*WORK TO COMPLETE:*
Look below for the line that contains "实拍白色衬衫女短袖夏季2021年新款上衣小领职业面试正装衬衣薄款", then quote it and all the lines after it, exactly, with the pictures left out.

------ RECORDS FOR THIS TASK ------

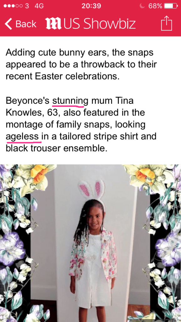 it is standard in gossip journalism to be constantly reminded of everyone’s ages. (this is why i’ve a startlingly encyclopedic knowledge of obscure celebrity ages- every time i read about jessica beale, i am reminded she is now 35.) already this article informed us that beyoncé is 35, jay z is 47, blue ivy is 5 and the twins are a few months away from being born. so it’s not odd that we would be reminded tina knowles is 63.
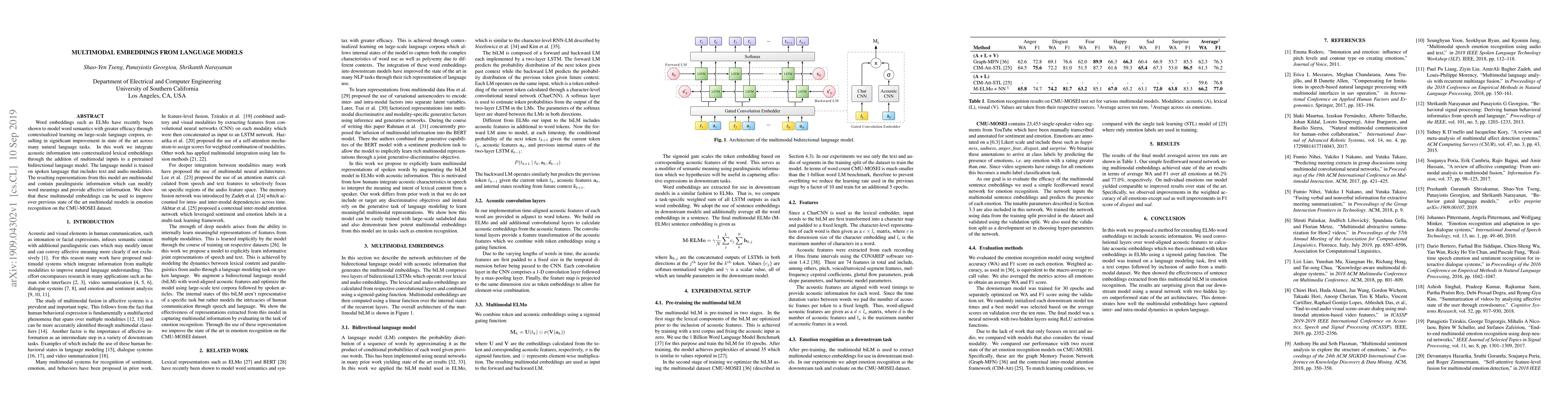 Word embeddings such as ELMo have recently been shown to model word semantics with greater efficacy through contextualized learning on large-scale language corpora, resulting in significant improvement in state of the art across many natural language tasks. In this work we integrate acoustic information into contextualized lexical embeddings through the addition of multimodal inputs to a pretrained bidirectional language model. The language model is trained on spoken language that includes text and audio modalities. The resulting representations from this model are multimodal and contain paralinguistic information which can modify word meanings and provide affective information. We show that these multimodal embeddings can be used to improve over previous state of the art multimodal models in emotion recognition on the CMU-MOSEI dataset.
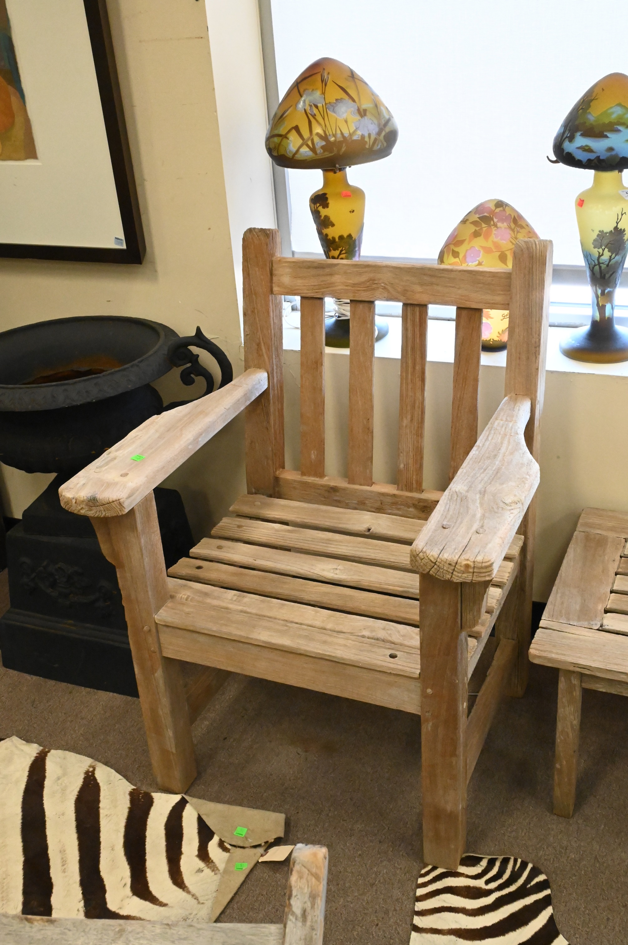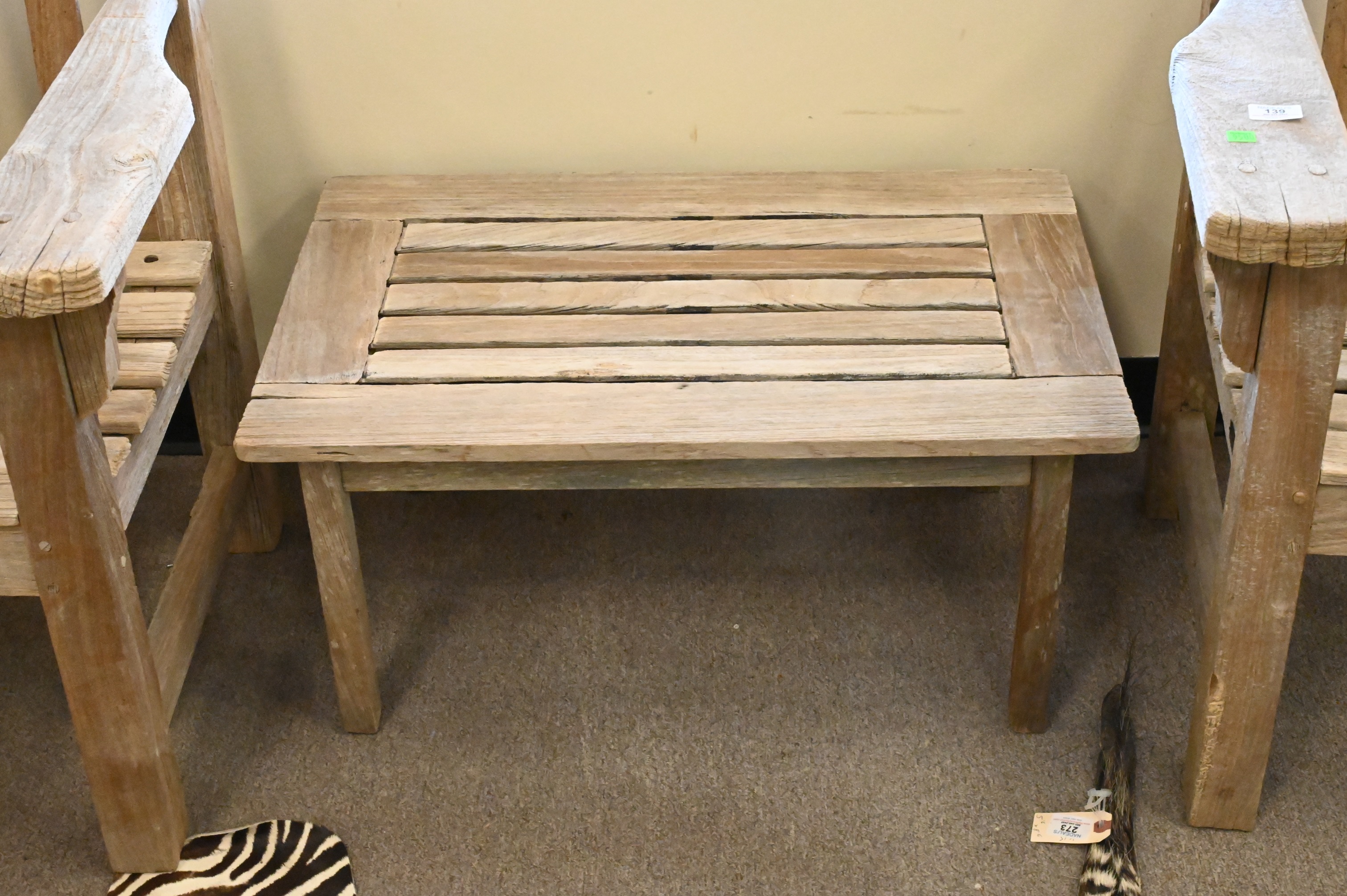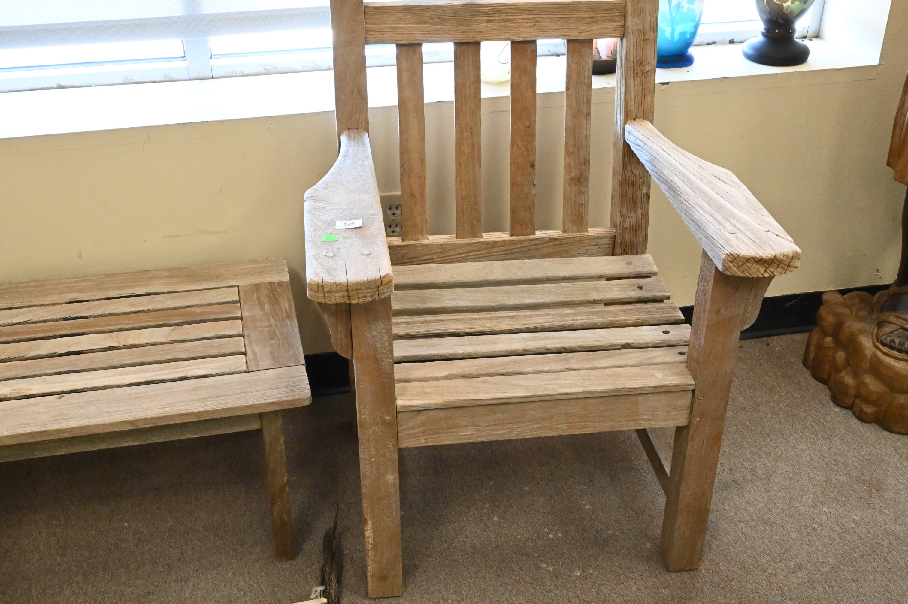 Three Piece Barlow Tyrie Outdoor Teak Lot, to include a pair of armchairs along with a side table, all marked Barlow Tyrie, chair height 35 inches, width 23 inches.
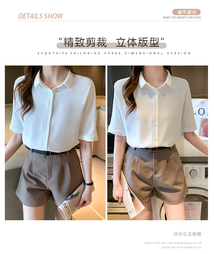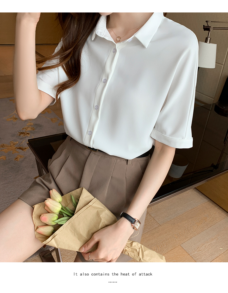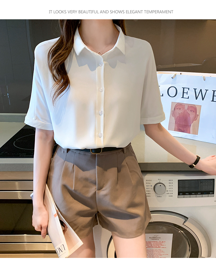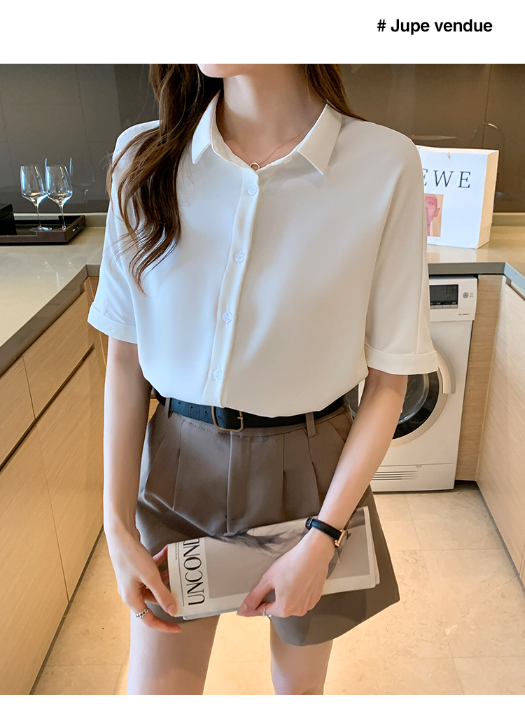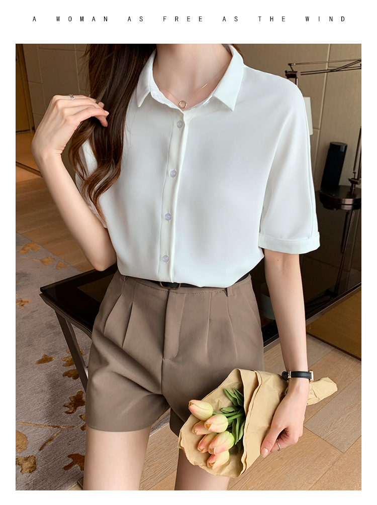 实拍白色衬衫女短袖夏季2021年新款上衣小领职业面试正装衬衣薄款
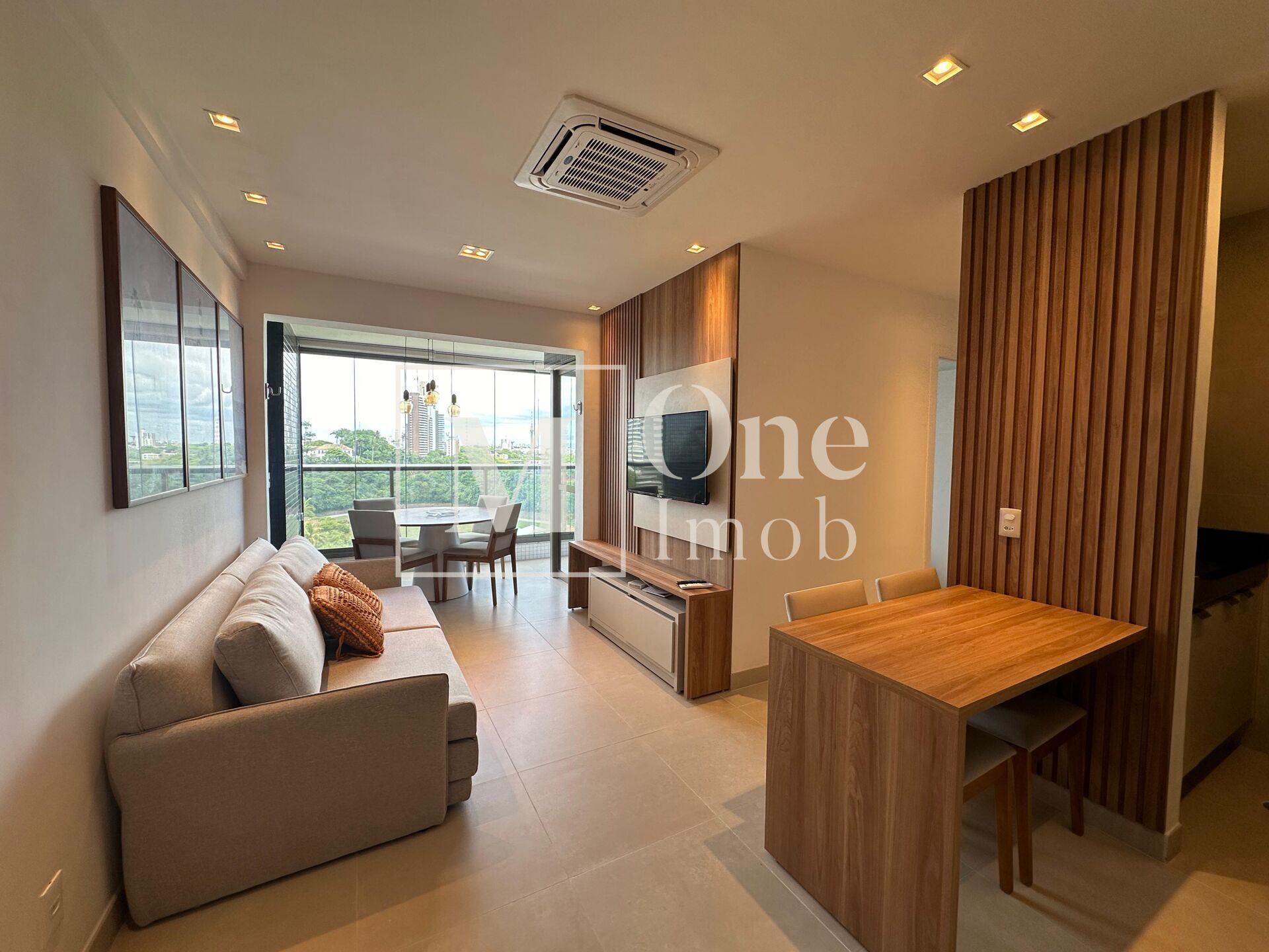 São 60 m², com vista para a avenida e 1 vaga de garagem.

------

*SOLUTION TO THE PROBLEM:*
 实拍白色衬衫女短袖夏季2021年新款上衣小领职业面试正装衬衣薄款
 São 60 m², com vista para a avenida e 1 vaga de garagem.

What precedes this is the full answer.